だから何かに対して強い確信を持っているときほど、自分の考えには批判的でいよう。賢明なあなたに教義はいらない。あなた自身の思考の異端者になろう!
「強い確信」を持っているときこそ、立ち止まるタイミングなのかもしれません。
「もしかしたら違うかも」と立ち止まる練習をする
日常の中で、小さな「立ち止まり」を意識してみてください。
- 「あの人はいつもこうだ」と思ったとき → 「本当にいつも?」と問いかけてみる
- 「このやり方が一番だ」と感じたとき → 「他の方法はないかな」と考えてみる
- 「自分が正しい」と確信したとき → 「間違っている可能性は?」と探してみる
大げさなことではなく、頭の中で一瞬だけ立ち止まるだけで十分です。
最初は難しく感じるかもしれません。でも、繰り返すうちに少しずつ自然にできるようになります。
「間違えても問題ない」ように余白を残しておく
先ほどのブラックスワンの話にもありましたが、「余白」は物事を冷静に対処するうえで大切です。
考え方にも同じことが言えます。
「自分の意見は絶対に正しい」と100%の確信で突き進むより、「もしかしたら違うかもしれない」と余白を残しておくほうが、結果的に冷静で柔軟な判断ができます。
たとえば:
仕事で上司にプレゼンの方向性を修正されたとき。
100%の確信で突き進んでいたら、「否定された」とショックを受けてしまいます。
でも、「もしかしたら別の角度のほうがいいかも」と余白を残しておけば、修正を「アップデートのチャンス」として受け止めやすくなります。
余白があるから、予想外の出来事にも柔軟に対応できる。
これは考え方だけでなく、人間関係や仕事にも共通する大切な姿勢だと思います。
完璧主義を手放す方法については、こちらの記事も参考にしてみてください。
→ 完璧主義をやめたい人のための「80点主義」実践ガイド
相手の意見を「全乗り」する必要はない
ひとつ大切なことをお伝えしたいのですが、知的謙虚さは「相手の意見にすべて従う」ことではありません。
自分の意見を捨てて、相手に合わせることとは違います。
自分の考えを持ちながらも、「相手の考えにも一理あるかもしれない」と認められること。
そのうえで、自分がどちらを信じるかを選ぶこと。
「どちらが正しいかを証明すること」ではなく、「どちらの考え方も理解したうえで、自分がどちらを信じるか」を大切にしたいですよね。
どちらを信じたほうが自分が幸せになるのか。どちらを信じたほうが生きやすくなるのか。
そう考えることが、知的謙虚さの本質だと思います。
まとめ:正しさを手放すと、もっとラクになる
この記事では、自分の考えに固執してしまう原因と、知的謙虚さの育て方についてお伝えしました。

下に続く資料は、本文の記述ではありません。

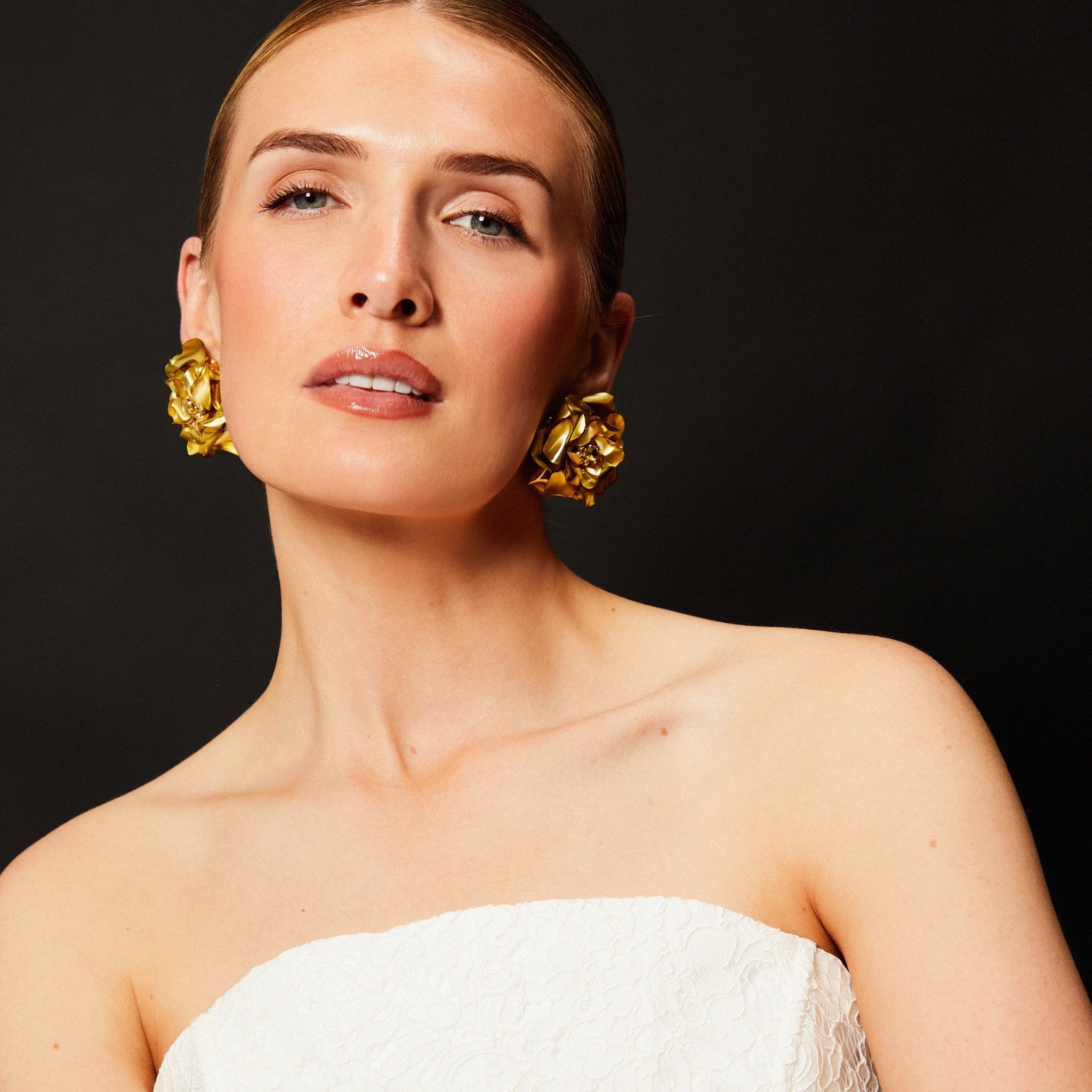 Gold Camellia Studs

- 確証バイアスにより、脳は自分の考えを守ろうとする仕組みがある
- 「知的謙虚さ」とは、自分の考えに余白を残しておける力のこと
- 自己否定(=人格の否定)と知的謙虚さ(=考えのアップデート)はまったく別のもの
- 「どちらが正しいか」ではなく「何を学べるか」に視点を変える
- 日常の中で「もしかしたら違うかも」と立ち止まる習慣を育てる
「正しくなければいけない」と思うほど、自分を追い詰めてしまいます。
でも、間違いを認めることは、自分を否定することではありません。
考えをアップデートしているだけです。
「間違っているかもしれない」と余白を残しておくことで、もう少しラクに、もう少し柔軟に、毎日を過ごせるようになるのではないでしょうか。